Después de presentarnos en el anterior instrumento, el temor del infierno, en este pone en nuestras manos otro instrumento, de mucha mayor importancia en nuestra vida ordinaria. Desear el Cielo.
Si tenemos la fe despierta, nace en nuestro corazón este deseo, pues en realidad aquí no vivimos, sino que vegetamos con mil calamidades y miserias. El Cielo es la verdadera vida. Aquí son muy raros los consuelos. Incluso los más puros, con frecuencia están impregnados de hiel. El Cielo es el colmo de todos los deseos. Deseos siempre colmados. La vida aquí está marcada con cruces y espinas, el Cielo es la liberación eterna de toda pena y contrariedad. Aquí el mundo y sus vanidades, llenan nuestro corazón de fastidio. El Cielo es la vida desprendida de los sentidos, en compañía de los santos, los ángeles, con Dios, en Dios.
Denota poca fe no desear el cielo. Y el monje tiene que ser un hombre que tiene sus ojos continuamente fijos en el Cielo. Más o menos implícitamente el deseo del cielo estaba presente en su entrada en el monasterio, ya que la búsqueda de Dios verdadera lleva implícita el deseo del Cielo.
Si llevamos una vida un tanto austera para la carne, es para alcanzar la gracia para que todos nuestros hermanos lleguen a la vida eterna, ya que el Cielo es la patria y esta la vida es el viaje hacia ella.
El pensamiento del Cielo encierra fuerza y valor para todo y hacen mirar al horizonte para ver si se descubre ya las montañas de la Patria. Para el verdadero creyente es un consuelo el pensar que cada día está más cerca del término, del día más hermanos de su vida, en el que se le anuncia que ha llegado al fin de su carrera. (A este propósito es ejemplar y muestra de esto la reacción de la M. Mercedes, de Calatravas, que siempre estaba suspirando por el Cielo, y cuando el médico le comunicó su próxima muerte estallo en exclamaciones de alegría que dejaron confuso el médico que no era creyente, y que confirmaban que eran sinceros todos sus deseos anteriores)

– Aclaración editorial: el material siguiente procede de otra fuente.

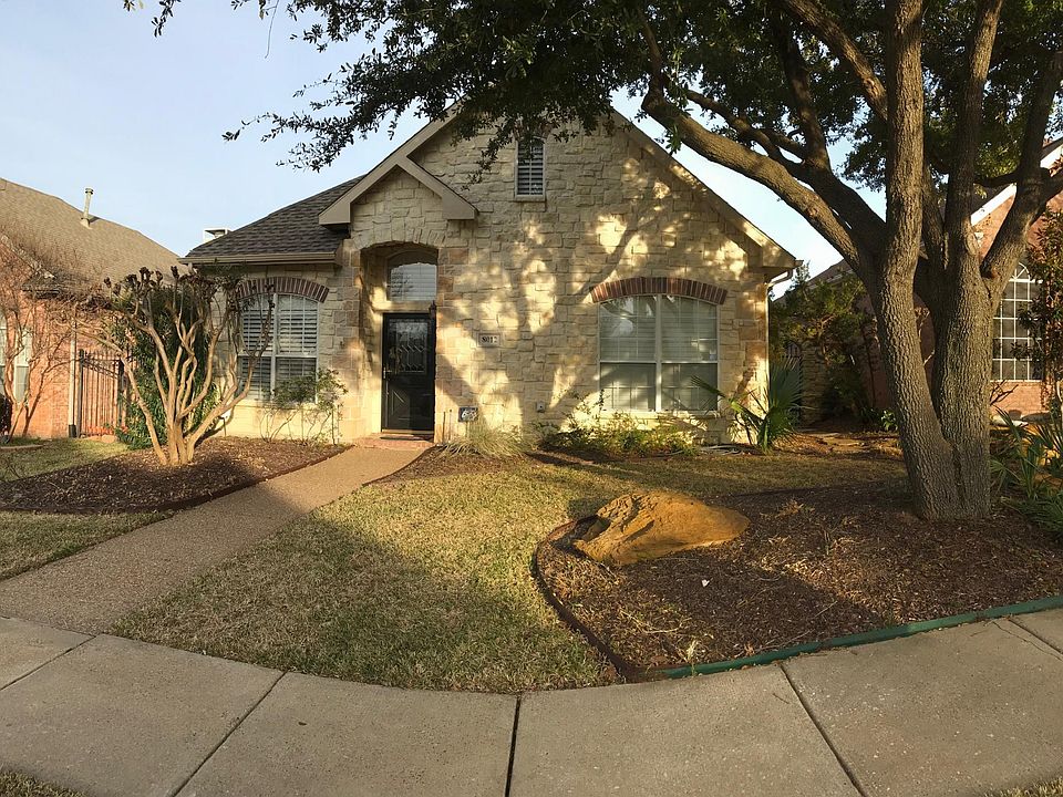Best house in neighborhood! Single story, zero lot home, with stone veneers & extended back patio, real hardwood floors, 12' ceiling, crown molding, french doors in study, plantation shutters, fireplace with mantel, corian countertops, gas range, built in microwave, newer dishwasher 2018, jetted tub, 2 car garage, water heater 2017, rear alley entry, hail resistant roof. Refrigerator, washer & dryer included! One year plus. Tenant responsible for utilities
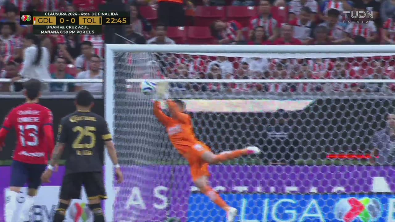 Alexis Vega sacó disparo desde fuera del área que llega a las manos de 'Tala' Rangel sin peligro alguno.
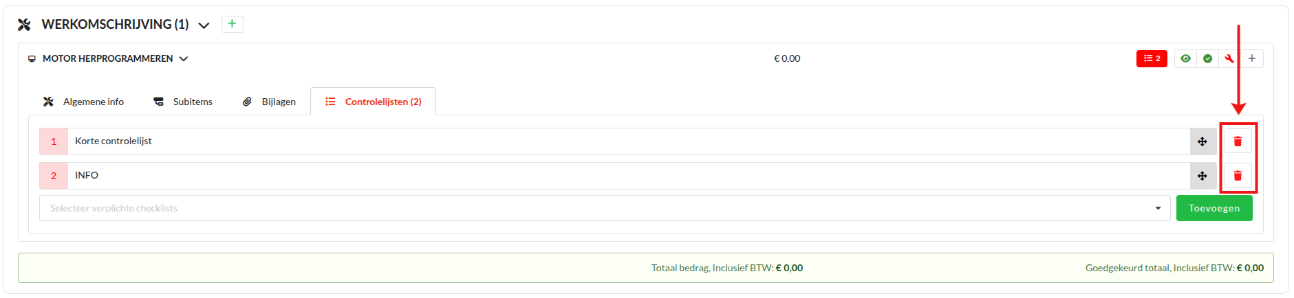Je kunt een toegewezen controlelijst verwijderen door op het rode prullenbak icoon te klikken.
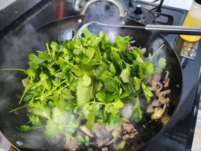 一口大に切ったマグロの血合いをニンニク、生姜、玉ねぎと共に炒めて、塩コショウで味付けして、パクチーを混ぜ入れて。
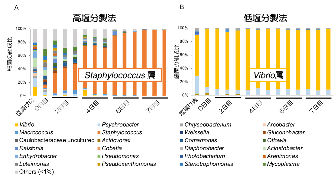 製造初期は両製法ともにVibrio属やPsychrobacter属の細菌が見られましたが、高塩分の製法では発酵が進むにつれてStaphylococcus属が優占化していきました【図2A】。低塩分の製法では細菌叢の変化はほとんど起こっておらず、Vibrio属が優占化したままでした【図2B】。
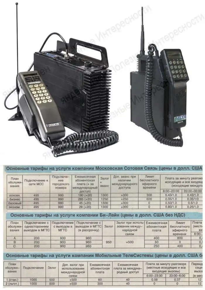 Стоимость телефона американской системы мобильной связи IMTS доходила до 4000$, а минута разговора-до 1,2 $. (в пересчете на сегодняшние деньги это 29000$)
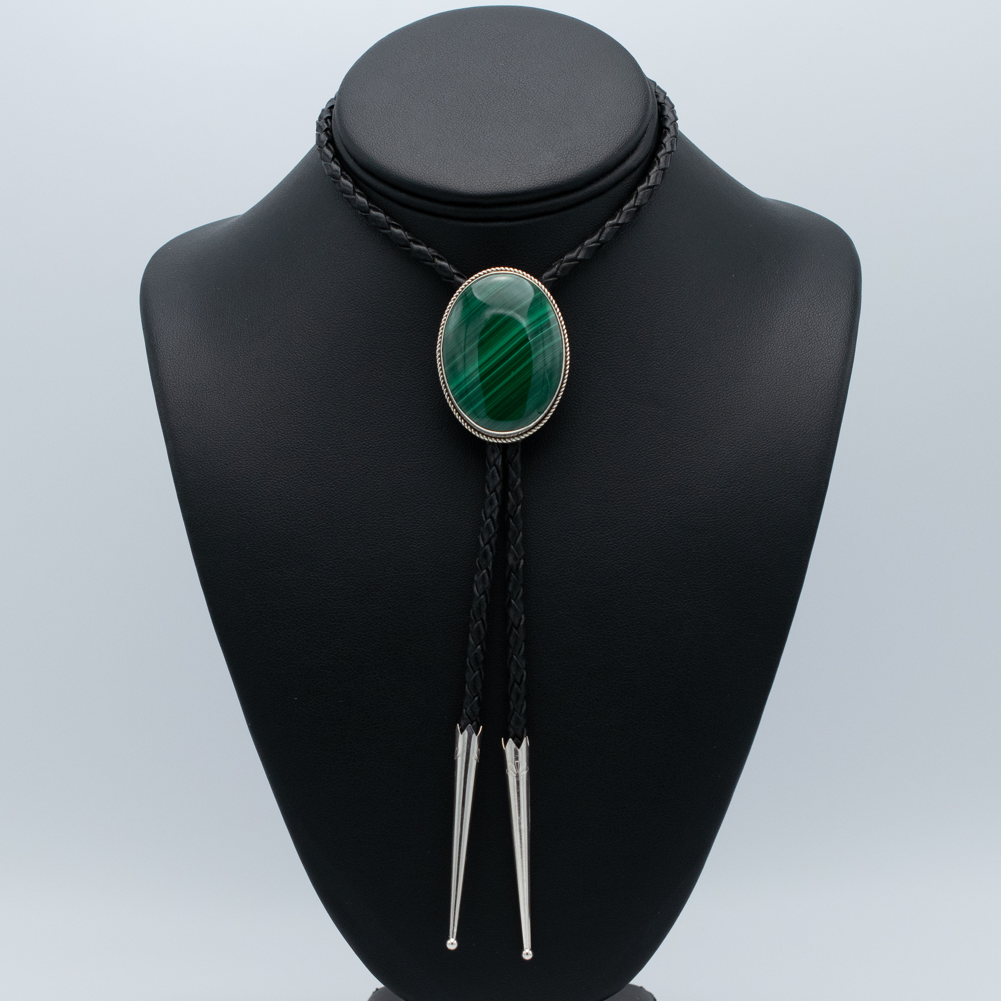 This Malachite Bolo Tie by Navajo artist Bryant Martinez features a bold oval malachite cabochon with stunning bands of forest green, framed in a classic twisted sterling silver border. Set on a braided black leather cord with sterling silver tips, this bolo tie offers a powerful look with a clean finish. Perfect for collectors and style-setters alike.
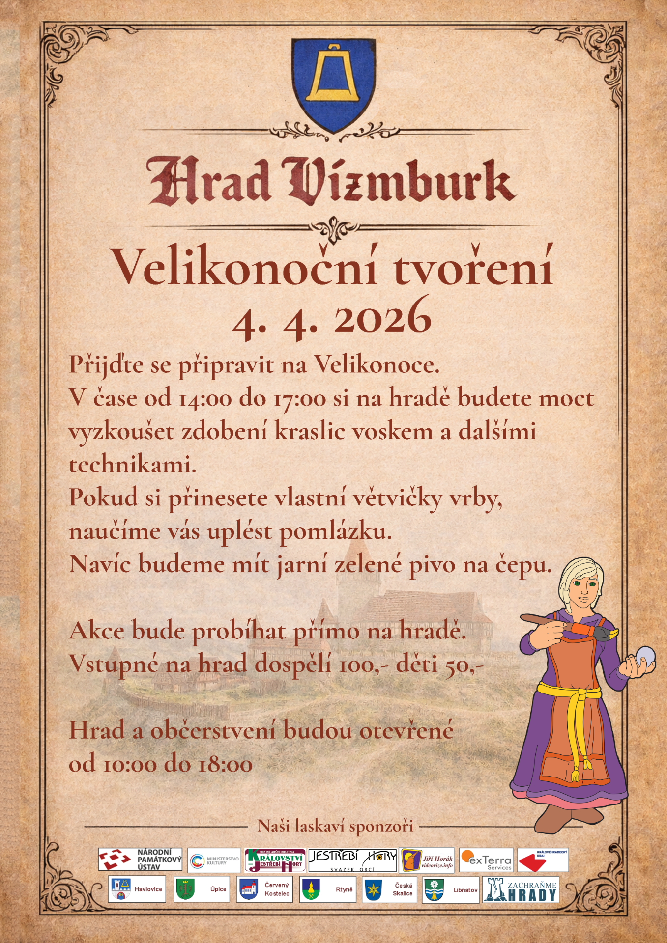 V čase od 14:00 do 17:00 si na hradě budete moct vyzkoušet zdobení kraslic voskem a dalšími technikami.
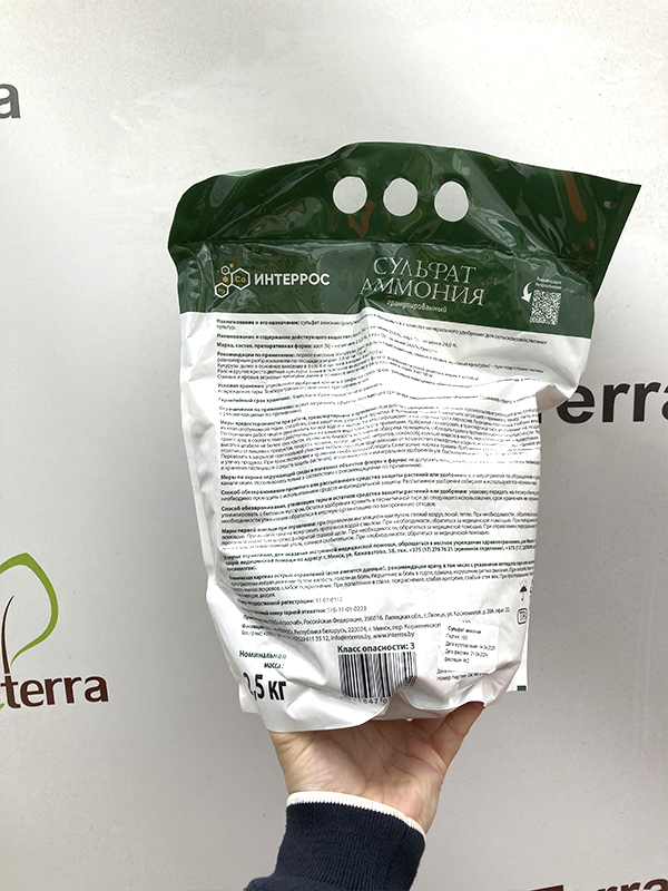 Состав: азот не менее 21%, сера не менее 24%.
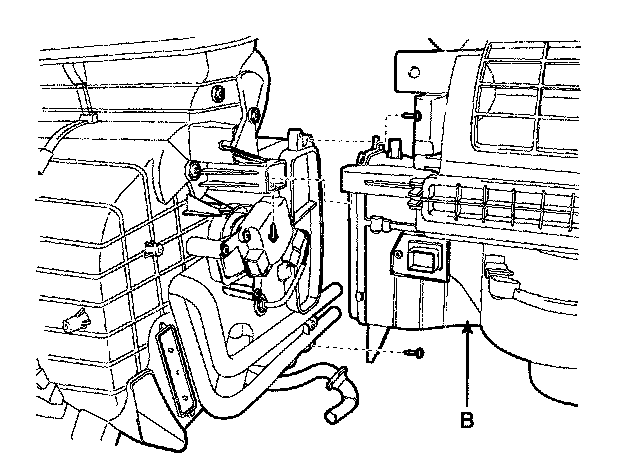 5. Remove the blower unit (A) from the heater unit after loosening a mounting bolt and 3 screws.
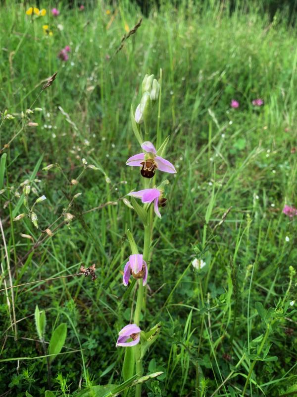 Der Vollständigkeit halber auch nochmal die Bienenragwurz die ebenfalls dort wuchs jedoch etwas höher als die Knabenkräuter und am sonnigen Gehölzrand. Nicht so spannend wie die anderen Orchidenn, da es im Gegensatz zu anderen Orchideen eher zunimmt als abnimmt.
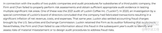 PCAOB的调查结果显示,中正达在对瑞幸2021年的财报审计中,未能利用有关公司虚假会计的信息进行风险评估,也未能设计旨在避免欺诈的审计程序。
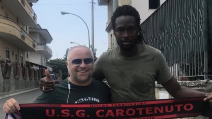 L’attaccante ventisettenne Moustapha Diallo vestirà la maglia del Carotenuto, ripescato in Promozione. Il guineano ha militato nel Cicciano, bella vetrina grazie ai suoi gol. Non fortunato nelle ultime due stagioni, prima col Troina in Serie D per via di un serio infortunio e poi con l’Afro Napoli United in Eccellenza dove è stato a disposizione fino a dicembre. Ora l’obiettivo è riscattarsi con la squadra di Mugnano del Cardinale. Nella foto, tratta da Campania Football, con il Presidente Angelo Gagliardi.
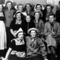 Van links naar rechts: Bovenste rij: Goertz, Truus Jenneskens, Annie Goertz, Annie Muisers, Sniekers, Tinie Janssen, Jan Goertz Middelste rij: Janssen, Truus Goertz, Truus Teunissen, Piet Weijers. Onderste rij: Lien van de Vlieger, Franssen.
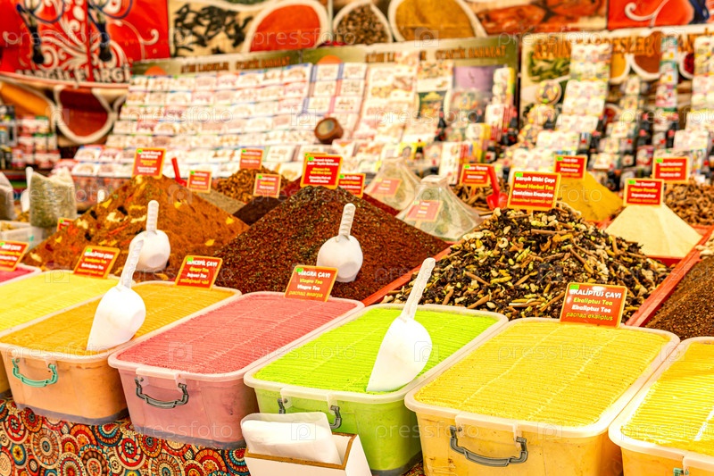 Красочные специи и фруктовые чаи на местном базаре в Кемере, Турция
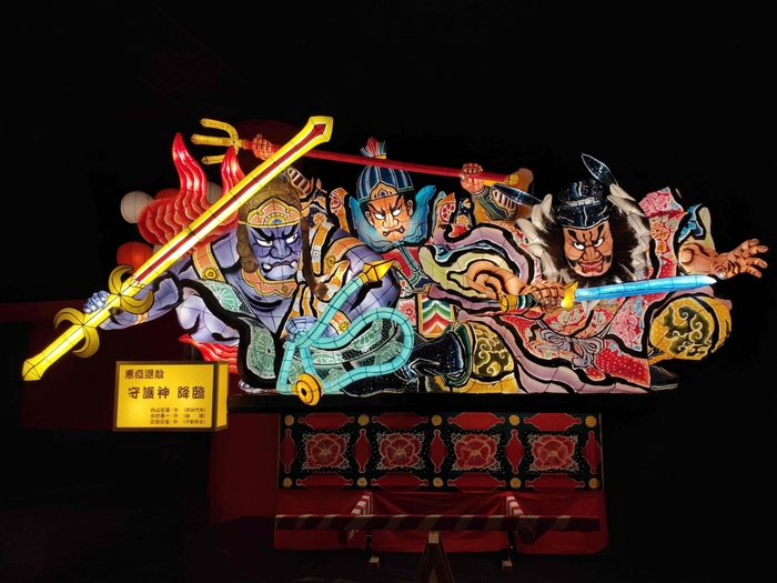 2020年4月、コロナの影響で青森ねぶた祭が中止になりました。これにより、運行するはずの山車の制作が中止となり、制作途中のものは解体または保管を余儀なくされました。毎年祭りに情熱を注いできたねぶた師の方々が作品制作の場を求めているという思いを聞き、青森屋は3人のねぶた師に呼びかけ、プロジェクトを立ち上げました。そして、日本で初めて流派を越えた合作ねぶたが完成しました。
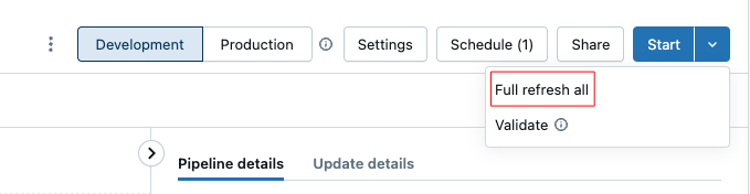 But what happens if I have to do a full refresh? To show this, I will do a full reflesh all to the Delta Live Tables and then take another look at the result.
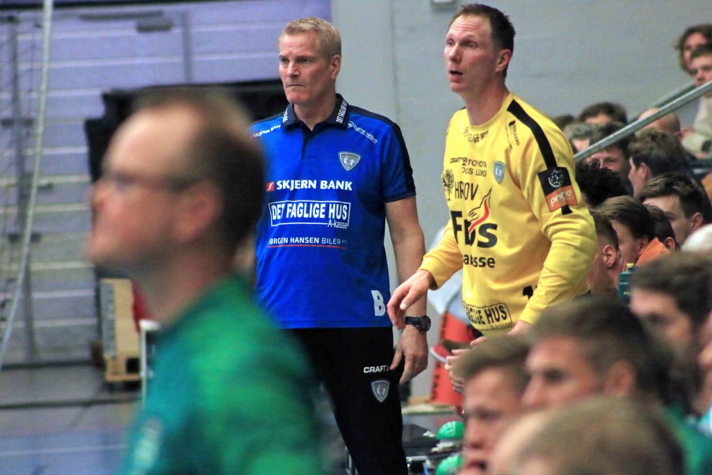 Samarbejdet mellem cheftræner Lars Walther og målmand Søren Rasmussen kræver koncentration under 7 mod 6 spillet
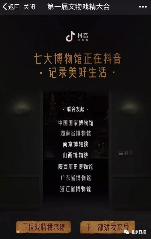 博物馆日前夕, 国家博物馆携手六大博物馆,玩起了抖音;大钟寺博物馆、孔庙和国子监博物馆等市属博物馆则发出专属自己的声音……
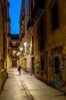 Nacht shot oude stad steeg met eenzame vrouw in Valencia Spanje
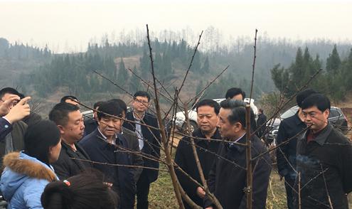 文章来源:花垣县农业局 作者:吴安用 时间:2017-02-16 15:45:17 2月15日上午,副省长戴道晋、省农委副主任余雄一行在湘西州花垣县麻栗场镇黄桃种植基地实地调研。

Pero no todo deseo del Cielo es igualmente puro. Se puede desear el Cielo para escapar de los males presentes, del fastidio de una vida sin sentido, por deseo del gozo. Estos no son el deseo impaciente que S. Benito quiere ver en sus hijos cuando nos dice que deseemos con todas las fuerzas, con toda la codicia espiritual, el cielo.
El deseo que nos propone S. Benito es un deseo puro y sobrenatural. El Cielo para el monje es Dios. Dios contemplado cara a cara. Dios amado, Dios poseído. La penosa búsqueda de Dios en la vida de oración deja lugar a la visión beatífica, a la contemplación sin esfuerzo.
La unión velada e imperfecta que recibimos a través de la gracia santificante, se trasforma en la posesión intima y perfecta de Díos. En una la palabra, el Cielo es la liberación definitiva del pecado y sus consecuencias, el abrazo eterno de Dios y del alma.
He aquí por qué el monje cuya vocación es buscar a Dios, cuya vida entera está orientada a esta búsqueda, ha de suspirar por este Cielo tan deseado, que le permitirá gozar eternamente de Dios.
Tal es el deseo del Cielo que ha de tener un hijo de S. Benito. Y además quiere que este deseo sea ardiente. Y no como consecuencia de estar hastiado del mundo. El hastío del mundo, si está solo, solo puede producir amargura e impaciencia. No puede producir ese ardor que S. Benito nos propone en este instrumento.
El amor de Dios es el que inflama este deseo. Cuanto más amemos a Dios, más desearemos verle, amarle poseerle.
Por otra parte, la meditación del Cielo y nuestros suspiros por él, servirán no poco para aumentar el ardor de nuestro amor.
Mirando al cielo, descubrimos allí un lugar que Dios con todo su amor nos ha preparado desde toda la eternidad. Y ante esta contemplación exclamaremos: ¿Quien me dará a mí alas de paloma para volar y descansar? Dios mío, Dios por ti suspiro, mi alma tiene sed de ti. ¿Cuando veré tu rostro?
Si amamos ardientemente a Dios, desearemos también ardientemente el Cielo. Miremos al Cielo y esta mirada acrecentará nuestro amor a Dios.